O Lens, já garantido na classificação direta para a próxima Champions League como vice-campeão, jogou com a liberdade de um time que não tinha nada a perder. Seu ataque no primeiro tempo foi implacável. Wesley Saïd chutou por cima após apenas dois minutos, e a partir daí as chances vieram em ondas. Adrien Thomasson, Odsonne Édouard e Abdallah Sima forçaram Safonov a agir enquanto a equipe da casa acumulava 14 tentativas, seis no alvo, antes do intervalo. No entanto, apesar de toda a pressão, o Lens encontrou o goleiro russo em forma imperiosa.
O retorno de Safonov ao time titular foi uma história por si só. Tendo sido substituído por Renato Marin na partida anterior contra o Brest, o jogador de 26 anos recuperou sua vaga de titular com uma atuação histórica. Ele demonstrou reflexos afiados para negar Saïd duas vezes de perto, desviou o chute forte de Thomasson e permaneceu calmo em meio ao caos para manter sua meta invicta por 45 minutos. Foi uma demonstração de concentração e atletismo que deixou a torcida local incrédula.
O PSG, em contraste, foi clínico. Um passe frouxo de Malang Sarr foi interceptado pelo incansável Ousmane Dembélé, que avançou e rolou para Kvaratskhelia pelo meio. O internacional georgiano cortou para o pé direito e colocou um chute preciso passando por Robin Risser aos 29 minutos. Contra o fluxo do jogo, os visitantes haviam golpeado. Foi uma lição de eficiência que o técnico do Lens, Pierre Sage, reconheceu no intervalo. "É um sentimento duplo", disse ele à beIN Sports. "Estamos felizes com o jogo que estamos fazendo e frustrados com o resultado. Somos bons, mas precisamos transformar situações em gols".
O segundo tempo espelhou o primeiro em muitos aspectos. O Lens continuou tentando, com Sima desperdiçando uma clara chance de um contra um apenas segundos após o reinício. Safonov, no entanto, permaneceu firme, se esticando para bloquear com o pé. A trave também veio em socorro do PSG quando Sima finalmente venceu o goleiro aos 74 minutos, apenas para ver seu chute bater no poste. A desesperação do Lens cresceu, mas seu toque final os abandonou. Allan Saint-Maximin viu dois chutes desviados por Illia Zabarnyi, e o cabeceio à queima-roupa de Mamadou Sangaré foi abafado por Safonov.
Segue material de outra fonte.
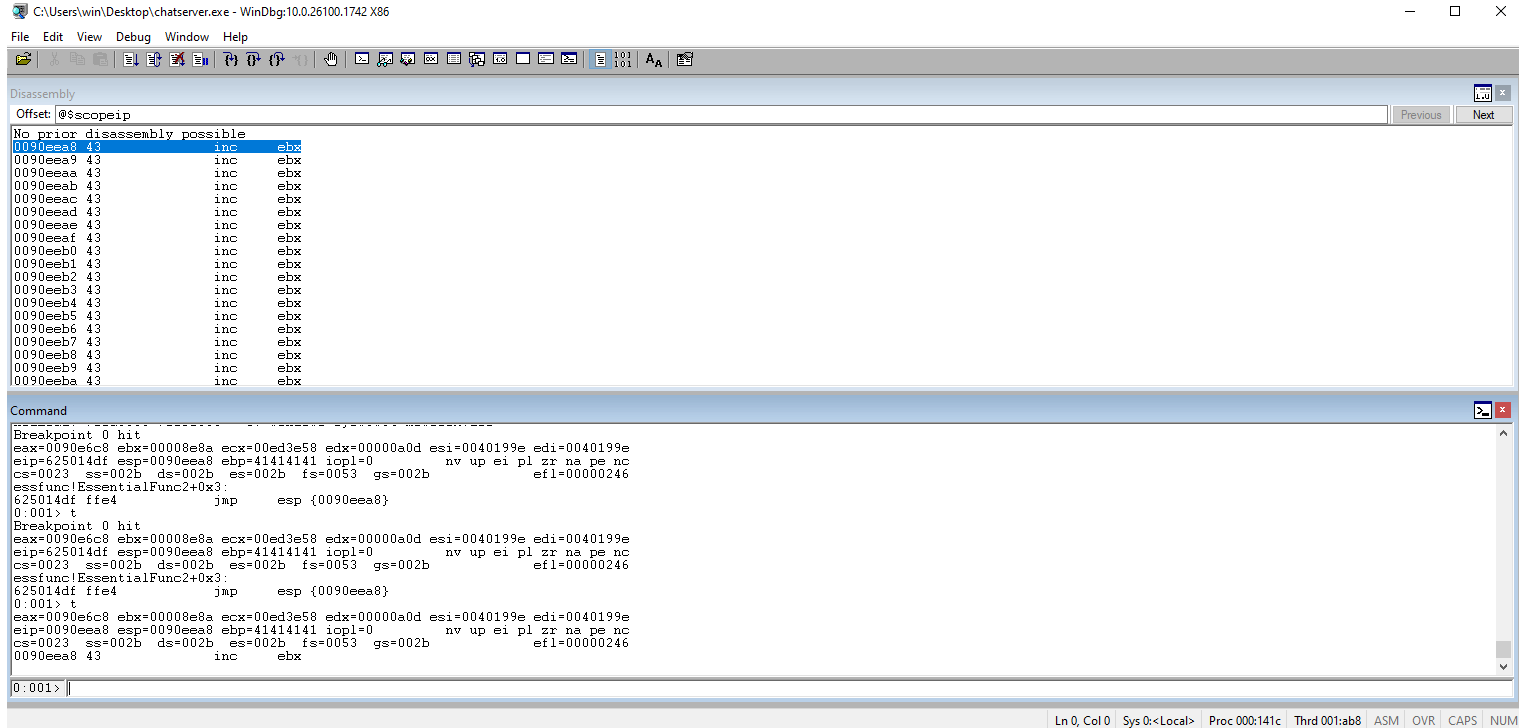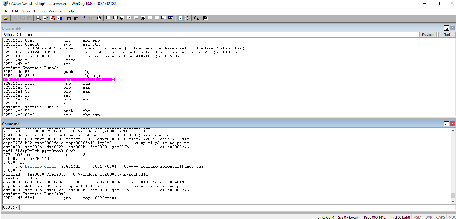 Check WinDbg and ensure that we caught the jmp ESP breakpoint.

O total final de oito defesas de Safonov o colocou entre as atuações de elite do clube em um único jogo da Ligue 1 desde a aquisição do QSI. Apenas Gianluigi Donnarumma (10 defesas contra o Marseille em março de 2024) e Keylor Navas (9 contra o Rennes em maio de 2021) registraram mais em um jogo de liga pelo PSG. Sua atuação dominante deixou uma marca indelével em uma noite em que seu time mais precisava dele. "Enfrentamos um grande goleiro do outro lado", admitiu Sangaré após o apito final, um sentimento que ecoou pelo estádio.
Com o Lens se jogando ao ataque, o PSG deu o golpe decisivo nos acréscimos. Um rápido contra-ataque viu Désiré Doué lançar Mbaye, que dominou e chutou no ângulo superior, com a ajuda da trave. O gol confirmou o campeonato e provocou cenas de júbilo entre os torcedores visitantes. Foi um final apropriado para uma temporada de supremacia doméstica, mesmo enquanto as ambições do time na Champions League estão em jogo.
O resultado destaca o persistente abismo entre o PSG e o resto da Ligue 1, mas também serve como um lembrete da notável campanha do Lens. O time de Pierre Sage tem sido magnífico durante toda a temporada e agora buscará coroar o ano com a glória da Copa da França. Para o PSG, o foco muda para a final da Champions League, onde eles podem adicionar o troféu definitivo a uma era já repleta de títulos. Ambos os clubes concluirão suas temporadas de liga no domingo—o Lens visita o Lyon, enquanto o PSG viaja para o Paris FC—antes de voltar sua atenção para as competições eliminatórias que podem definir suas respectivas campanhas. Baseado em relatórios do L'Equipe.